RECORD SET:
_____
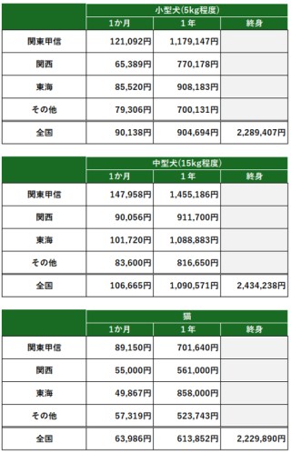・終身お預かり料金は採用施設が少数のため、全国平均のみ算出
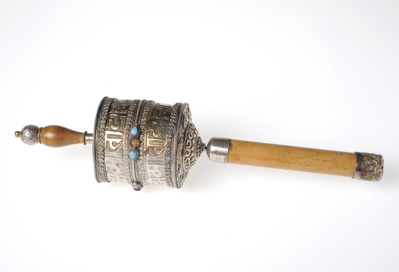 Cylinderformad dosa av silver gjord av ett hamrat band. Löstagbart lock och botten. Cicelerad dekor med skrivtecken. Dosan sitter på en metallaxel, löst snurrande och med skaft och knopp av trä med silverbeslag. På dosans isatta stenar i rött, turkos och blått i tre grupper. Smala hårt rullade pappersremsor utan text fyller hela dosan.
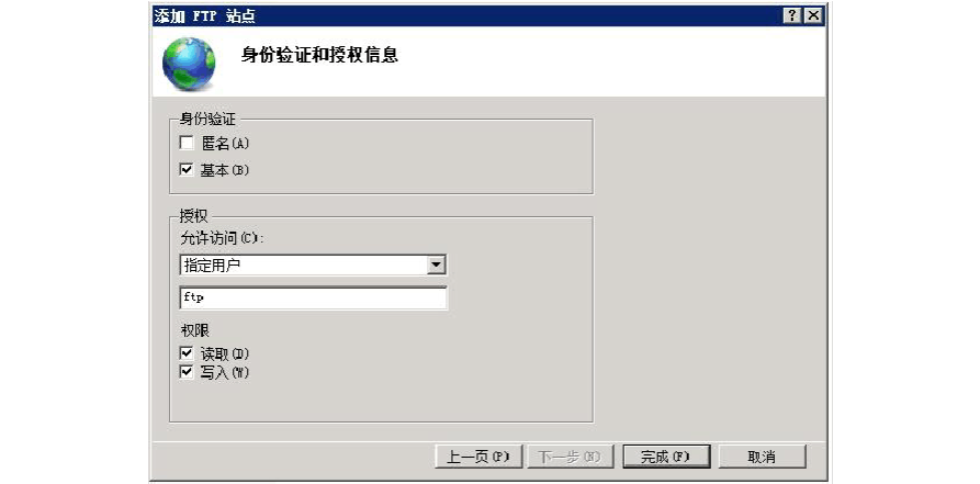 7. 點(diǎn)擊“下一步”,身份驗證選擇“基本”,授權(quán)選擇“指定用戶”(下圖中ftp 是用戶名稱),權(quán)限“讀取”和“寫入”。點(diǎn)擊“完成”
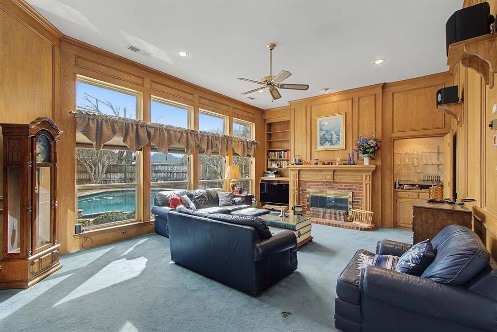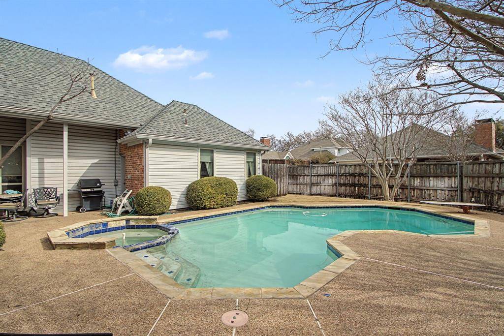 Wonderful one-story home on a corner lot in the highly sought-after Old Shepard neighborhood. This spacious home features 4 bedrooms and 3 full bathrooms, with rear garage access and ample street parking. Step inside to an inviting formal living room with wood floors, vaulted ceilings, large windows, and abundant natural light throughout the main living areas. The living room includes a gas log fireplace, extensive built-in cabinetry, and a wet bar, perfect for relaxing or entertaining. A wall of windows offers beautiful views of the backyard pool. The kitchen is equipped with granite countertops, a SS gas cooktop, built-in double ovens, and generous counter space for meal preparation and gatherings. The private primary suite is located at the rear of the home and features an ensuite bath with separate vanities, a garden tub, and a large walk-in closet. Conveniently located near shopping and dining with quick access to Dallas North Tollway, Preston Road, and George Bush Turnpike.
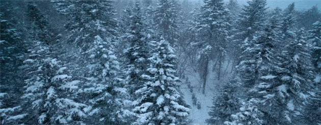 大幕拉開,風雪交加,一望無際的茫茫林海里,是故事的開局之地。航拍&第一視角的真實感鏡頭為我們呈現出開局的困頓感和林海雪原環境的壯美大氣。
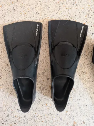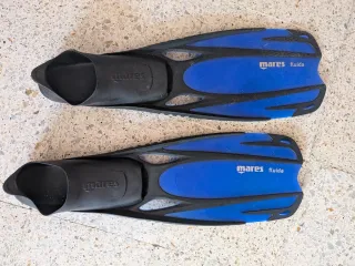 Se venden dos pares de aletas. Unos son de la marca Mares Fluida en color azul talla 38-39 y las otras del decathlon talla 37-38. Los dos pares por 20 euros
_____
DIRECTIONS FOR THIS TASK:
After locating the line that contains "Cylinderformad dosa av", output it and all later lines through the end of the material exactly, leaving out pictures.

EXERCISE RESULT:
 Cylinderformad dosa av silver gjord av ett hamrat band. Löstagbart lock och botten. Cicelerad dekor med skrivtecken. Dosan sitter på en metallaxel, löst snurrande och med skaft och knopp av trä med silverbeslag. På dosans isatta stenar i rött, turkos och blått i tre grupper. Smala hårt rullade pappersremsor utan text fyller hela dosan.
 7. 點(diǎn)擊“下一步”,身份驗證選擇“基本”,授權(quán)選擇“指定用戶”(下圖中ftp 是用戶名稱),權(quán)限“讀取”和“寫入”。點(diǎn)擊“完成”
 Wonderful one-story home on a corner lot in the highly sought-after Old Shepard neighborhood. This spacious home features 4 bedrooms and 3 full bathrooms, with rear garage access and ample street parking. Step inside to an inviting formal living room with wood floors, vaulted ceilings, large windows, and abundant natural light throughout the main living areas. The living room includes a gas log fireplace, extensive built-in cabinetry, and a wet bar, perfect for relaxing or entertaining. A wall of windows offers beautiful views of the backyard pool. The kitchen is equipped with granite countertops, a SS gas cooktop, built-in double ovens, and generous counter space for meal preparation and gatherings. The private primary suite is located at the rear of the home and features an ensuite bath with separate vanities, a garden tub, and a large walk-in closet. Conveniently located near shopping and dining with quick access to Dallas North Tollway, Preston Road, and George Bush Turnpike.
 大幕拉開,風雪交加,一望無際的茫茫林海里,是故事的開局之地。航拍&第一視角的真實感鏡頭為我們呈現出開局的困頓感和林海雪原環境的壯美大氣。
 Se venden dos pares de aletas. Unos son de la marca Mares Fluida en color azul talla 38-39 y las otras del decathlon talla 37-38. Los dos pares por 20 euros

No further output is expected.